This is the mail archive of the
gcc-bugs@gcc.gnu.org
mailing list for the GCC project.
[Bug middle-end/21111] IA-64 NaT consumption faults due to uninitialized register reads
- From: "wilson at specifixinc dot com" <gcc-bugzilla at gcc dot gnu dot org>
- To: gcc-bugs at gcc dot gnu dot org
- Date: 19 Apr 2005 23:05:22 -0000
- Subject: [Bug middle-end/21111] IA-64 NaT consumption faults due to uninitialized register reads
- References: <20050419203158.21111.wilson@gcc.gnu.org>
- Reply-to: gcc-bugzilla at gcc dot gnu dot org
------- Additional Comments From wilson at specifixinc dot com 2005-04-19 23:05 -------
Subject: Re: IA-64 NaT consumption faults due to uninitialized
register reads
pinskia at gcc dot gnu dot org wrote:
> ------- Additional Comments From pinskia at gcc dot gnu dot org 2005-04-19 20:47 -------
> To me, the target specific code should be the one to fix this problem up and not the middle-end or at
> least have a hook for it so you don't mess around with other targets getting the speed up.
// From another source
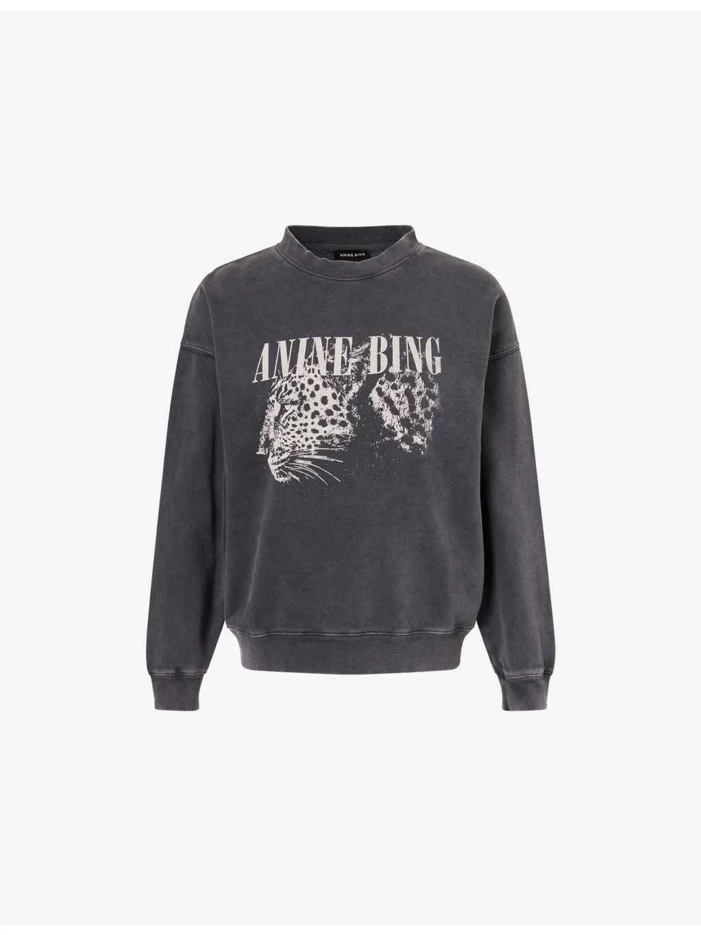 PRODUCT DETAILS - ANINE BING cotton-jersey sweatshirt - 100% cotton - Relaxed fit, round-neck, long sleeves, brand and leopard print at front, brushed interior, ribbed trims - Machine wash at 30°C - Made in Turkey - True to size - Model is 5ft 10in/1.78m and wears a size small - Midweight, stretchy Ref: R04567653

Anyways
> seems like someone thought it would be cool if they did this, oh well.
The change I am suggesting should not hurt performance, and I expect
that it would actually help performance in many cases.
Currently, the first assignment to a structure is a bitfield insert.
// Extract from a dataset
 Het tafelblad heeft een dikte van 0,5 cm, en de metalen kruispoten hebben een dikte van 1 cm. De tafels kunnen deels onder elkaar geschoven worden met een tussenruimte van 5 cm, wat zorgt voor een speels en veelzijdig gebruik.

If we zero the structure before the first assignment, then combine will
give us a simple assignment instead, which will be faster than a
bitfield insert for most targets. This may also allow other assignments
to be combined in, giving further benefits. (There can be multiple
first assignments if there are multiple blocks where the structure
becomes live.)
I agree that the optimizations being performed by tree-ssa are useful
here, but one must not be confused by the big picture issues here into
ignoring the details. Emitting a bit-field insert when only a simple
assignment is needed is wrong. It may cause performance loss on many
targets, and it causes core dumps on IA-64.
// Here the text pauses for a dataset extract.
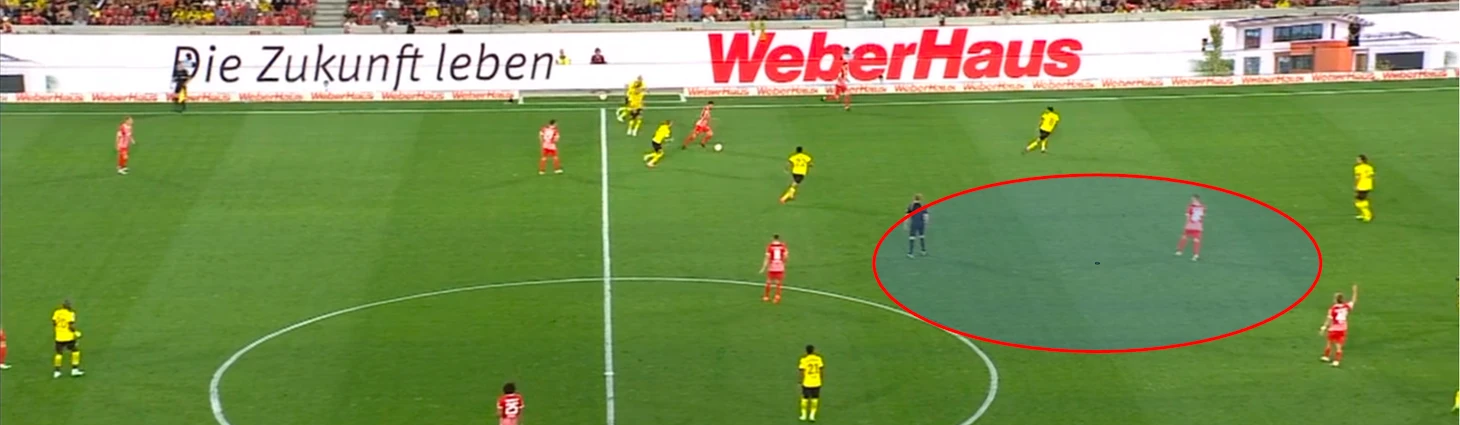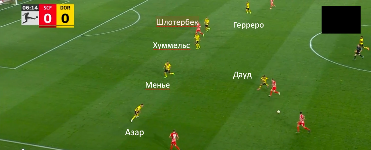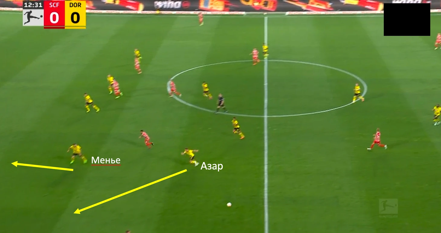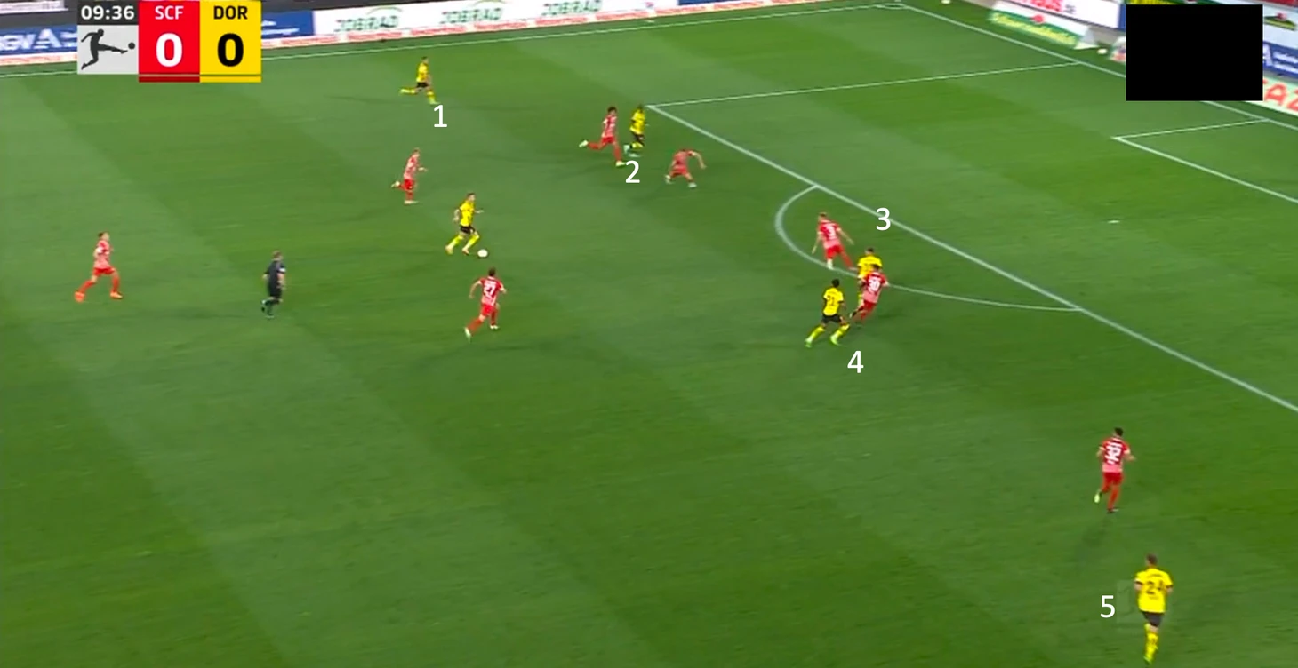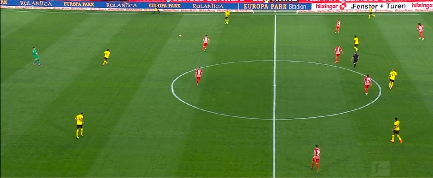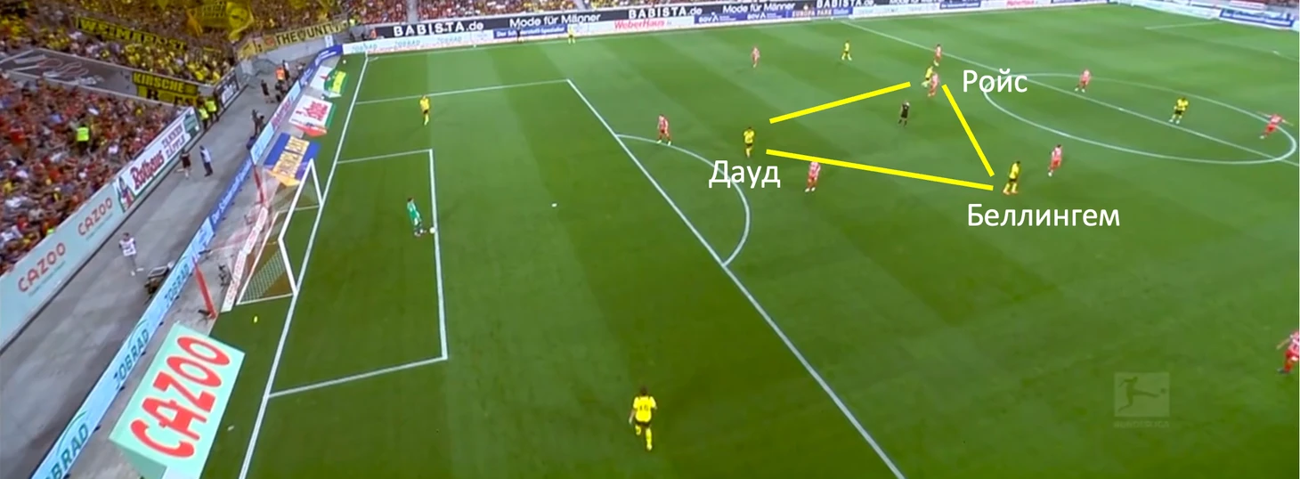 Создавая билд-ап из 3 игроков против 2 игроков Фрайбурга или 4 против 3 игроков Байера, а также фланговых защитников Боруссии на краях полузащиты, приводит к 5 атакующим игрокам в последней трети поля и быстрому преодолению центра поля Фрайбурга или треугольнику на краю штрафной соперника. Треугольник из двух игроков фланга и Ройса/Белингема.

Take a look at this example.
struct s { unsigned long i : 32; unsigned long j : 32;};
int i;
struct s
sub (void)
{
struct s foo;
foo.i = i;
return foo;
}
Compiling this for x86-64 on mainline, I get 10 instructions, which
perform two bit-field insertions. Compiling this with gcc-3.3, I get 7
instructions which perform one bit-field insertion.
I think the optimal code is two instructions, one to load i into the low
part of the return register, and one to return. The upper bits of the
structure are don't care bits, so we can set them to anything we want.
There is no need for any bitfield insertion here at all.
Mainline does even worse than gcc-3 here because in order to decompose
the structure it creates a fake j assignment, and then we end up
emitting bitfield insertion code for the fake j assignment, even though
this code is completely useless. Furthermore, the RTL optimizer is not
able to delete this fake j assignment, because it is a bitfield insert.
--
http://gcc.gnu.org/bugzilla/show_bug.cgi?id=21111